> **PROBLEM DETAILS**
Once the images are set aside, print the remaining lines below exactly.

● ● ● ● ●

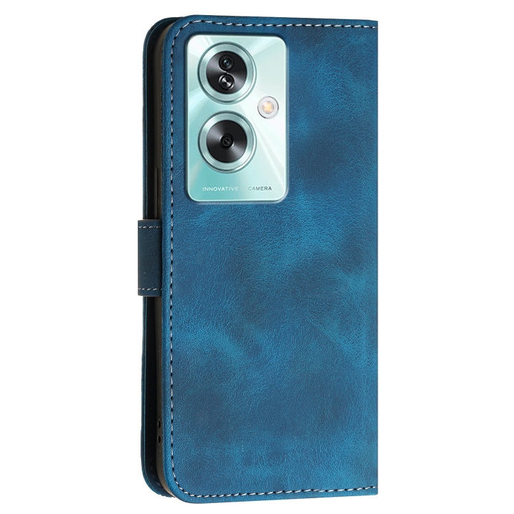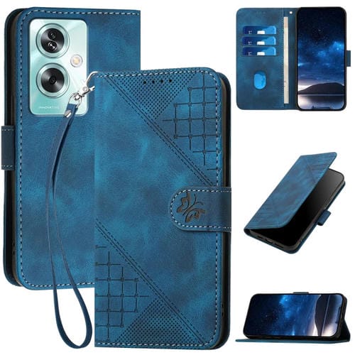 Funda de Cuero con Tapa y Cordón para Oppo A79 5G Global Yx0080 con Diseño En Relieve de Mariposa y Cuadrícula (Azul Oscuro)
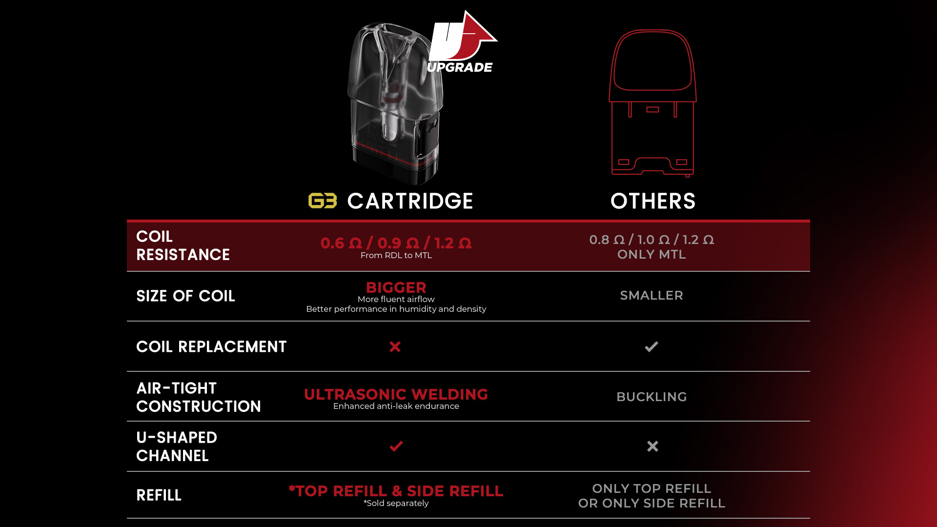 - 多樣化的線圈選擇: Caliburn G3 提供 0.6Ω、0.9Ω 和 1.2Ω 的線圈選項,滿足不同的吸食偏好。
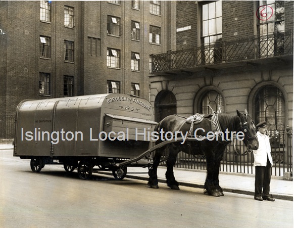 Horse-drawn container (Borough of Finsbury No 5) loaded ready for collection by motor, with cart horse and driver, on Wilmington Square
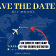 Casamento de mapa do mundo azul e amarelo salve o cartão de data para um casamento de destino. Personalize-o com suas informações de evento.
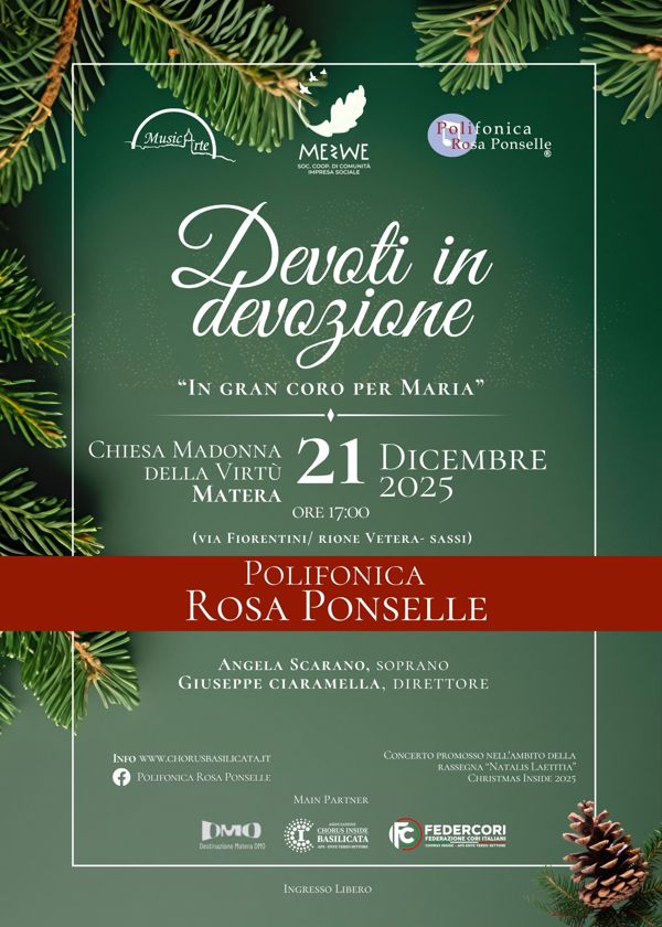 Domenica 21 Dicembre alle ore 17:00, a Matera la Chiesa di Madonna delle Virtù Nuova [in via fiorentini, angolo rione vetera] ospita il concerto “In gran coro per Maria” della Polifonica “Rosa Ponselle”, diretta dal maestro Giuseppe Ciaramella, anche docente presso il Conservatorio “E.R. Duni” di Matera.
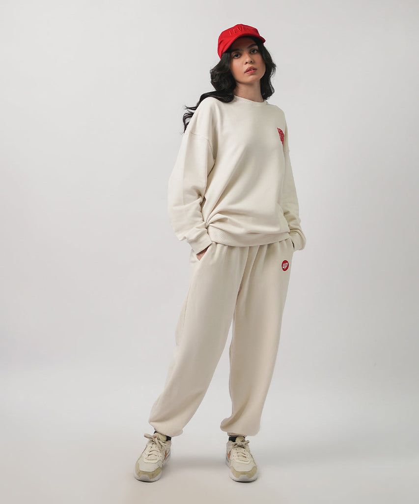 Loose-fit jogging trousers with elasticated waist and draw-cords. Side pockets. Cuffed hem. Back patch pocket. Embroidered badge on front.
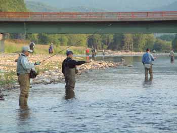 ![]() 生田原町役場裏の生田原川(午前4時30分撮影) 釣り大会なみの賑わいです。 |
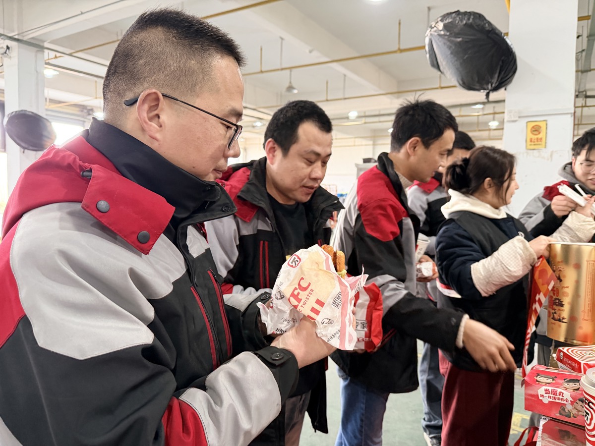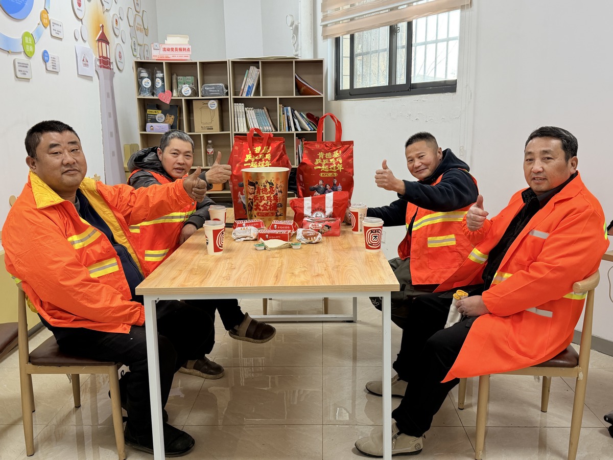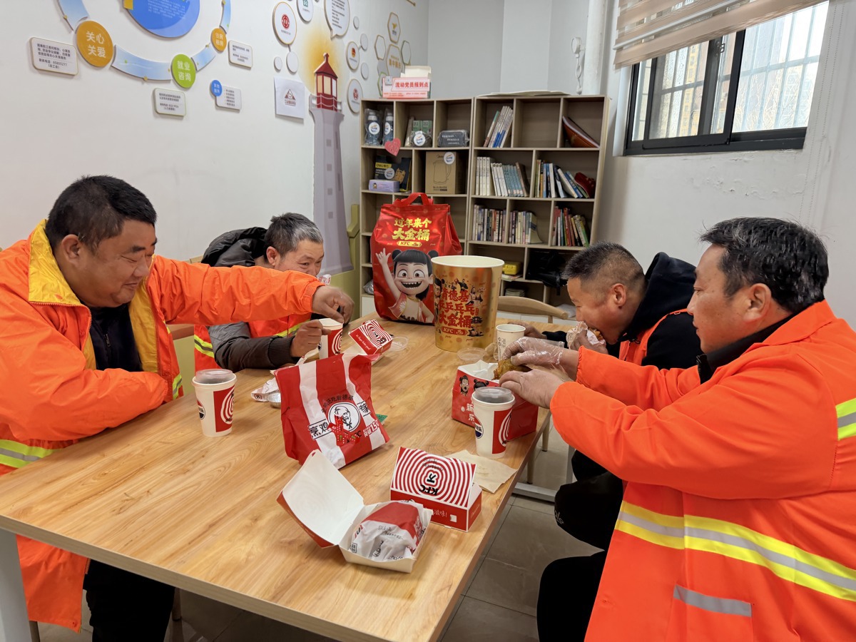 2月12日,武汉市东西湖区长青街兴达社区顺丰快递点洋溢着一片温馨与欢笑。新闻联合武汉肯德基开展的“致敬劳动者·爱心送年饭”第九季活动走进长青街,与武汉市东西湖区长青街两新组织综合党委“暖新课堂”特色服务品牌深度融合,为坚守一线的快递小哥和环卫工人们送上一份份热气腾腾的肯德基“乒乒乓乓大金桶”爱心午餐,以舌尖上的年味致敬城市守护者。

● ● ● ● ●

> **YOUR RESPONSE**
 Funda de Cuero con Tapa y Cordón para Oppo A79 5G Global Yx0080 con Diseño En Relieve de Mariposa y Cuadrícula (Azul Oscuro)
 - 多樣化的線圈選擇: Caliburn G3 提供 0.6Ω、0.9Ω 和 1.2Ω 的線圈選項,滿足不同的吸食偏好。
 Horse-drawn container (Borough of Finsbury No 5) loaded ready for collection by motor, with cart horse and driver, on Wilmington Square
 Casamento de mapa do mundo azul e amarelo salve o cartão de data para um casamento de destino. Personalize-o com suas informações de evento.
 Domenica 21 Dicembre alle ore 17:00, a Matera la Chiesa di Madonna delle Virtù Nuova [in via fiorentini, angolo rione vetera] ospita il concerto “In gran coro per Maria” della Polifonica “Rosa Ponselle”, diretta dal maestro Giuseppe Ciaramella, anche docente presso il Conservatorio “E.R. Duni” di Matera.
 Loose-fit jogging trousers with elasticated waist and draw-cords. Side pockets. Cuffed hem. Back patch pocket. Embroidered badge on front.
 ![]() 生田原町役場裏の生田原川(午前4時30分撮影) 釣り大会なみの賑わいです。 |
 2月12日,武汉市东西湖区长青街兴达社区顺丰快递点洋溢着一片温馨与欢笑。新闻联合武汉肯德基开展的“致敬劳动者·爱心送年饭”第九季活动走进长青街,与武汉市东西湖区长青街两新组织综合党委“暖新课堂”特色服务品牌深度融合,为坚守一线的快递小哥和环卫工人们送上一份份热气腾腾的肯德基“乒乒乓乓大金桶”爱心午餐,以舌尖上的年味致敬城市守护者。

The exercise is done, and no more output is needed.